What you are asked to do
Pictures are to be left out, but please repeat each record exactly.

Dataset
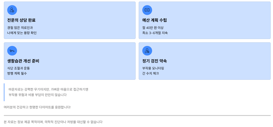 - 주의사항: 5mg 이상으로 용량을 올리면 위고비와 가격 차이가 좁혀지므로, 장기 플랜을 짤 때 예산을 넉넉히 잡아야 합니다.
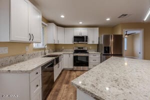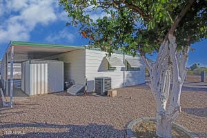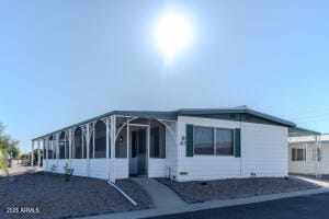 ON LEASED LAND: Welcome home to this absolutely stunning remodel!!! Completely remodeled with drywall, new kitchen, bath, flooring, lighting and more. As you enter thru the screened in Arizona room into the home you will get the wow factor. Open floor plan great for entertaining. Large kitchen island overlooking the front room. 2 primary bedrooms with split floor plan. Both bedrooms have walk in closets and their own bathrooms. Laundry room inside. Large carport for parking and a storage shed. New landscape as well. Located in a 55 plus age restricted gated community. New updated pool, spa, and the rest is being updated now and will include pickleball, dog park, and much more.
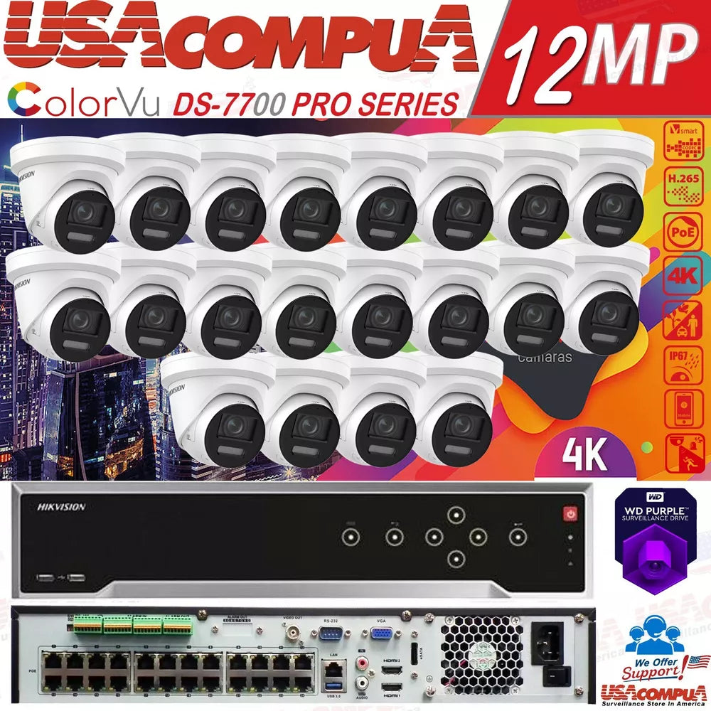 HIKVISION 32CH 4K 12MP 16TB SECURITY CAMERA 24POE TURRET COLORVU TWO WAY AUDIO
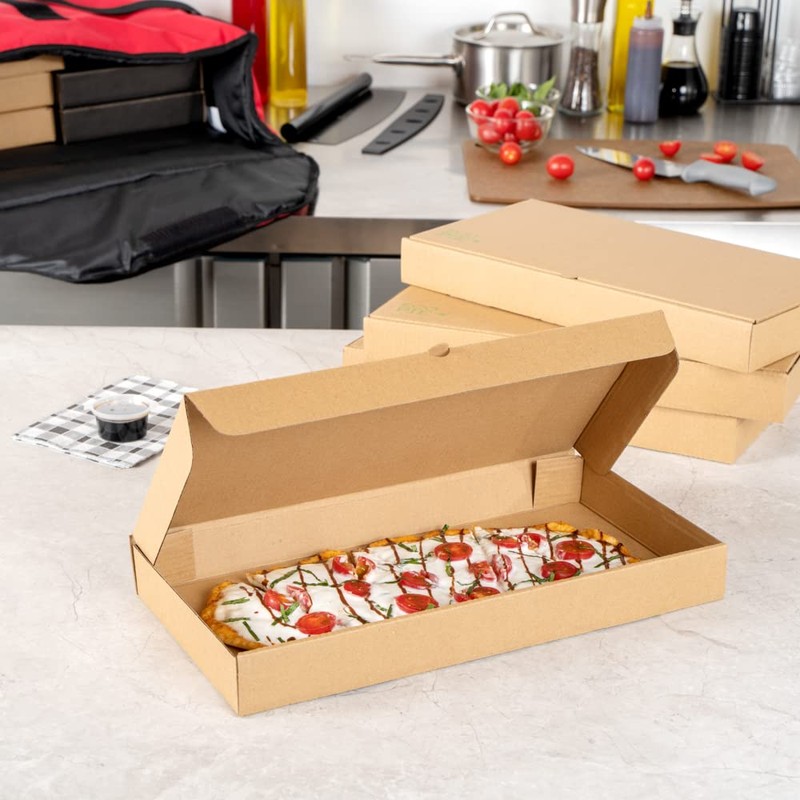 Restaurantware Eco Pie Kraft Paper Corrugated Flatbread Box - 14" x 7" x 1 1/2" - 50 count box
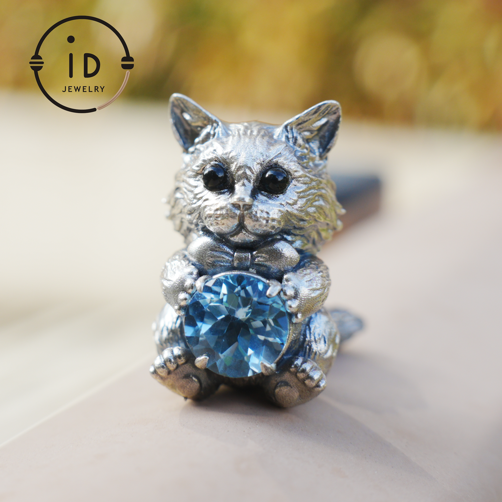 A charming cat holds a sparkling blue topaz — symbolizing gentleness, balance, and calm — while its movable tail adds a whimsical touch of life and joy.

Answer box
 - 주의사항: 5mg 이상으로 용량을 올리면 위고비와 가격 차이가 좁혀지므로, 장기 플랜을 짤 때 예산을 넉넉히 잡아야 합니다.
 ON LEASED LAND: Welcome home to this absolutely stunning remodel!!! Completely remodeled with drywall, new kitchen, bath, flooring, lighting and more. As you enter thru the screened in Arizona room into the home you will get the wow factor. Open floor plan great for entertaining. Large kitchen island overlooking the front room. 2 primary bedrooms with split floor plan. Both bedrooms have walk in closets and their own bathrooms. Laundry room inside. Large carport for parking and a storage shed. New landscape as well. Located in a 55 plus age restricted gated community. New updated pool, spa, and the rest is being updated now and will include pickleball, dog park, and much more.
 HIKVISION 32CH 4K 12MP 16TB SECURITY CAMERA 24POE TURRET COLORVU TWO WAY AUDIO
 Restaurantware Eco Pie Kraft Paper Corrugated Flatbread Box - 14" x 7" x 1 1/2" - 50 count box
 A charming cat holds a sparkling blue topaz — symbolizing gentleness, balance, and calm — while its movable tail adds a whimsical touch of life and joy.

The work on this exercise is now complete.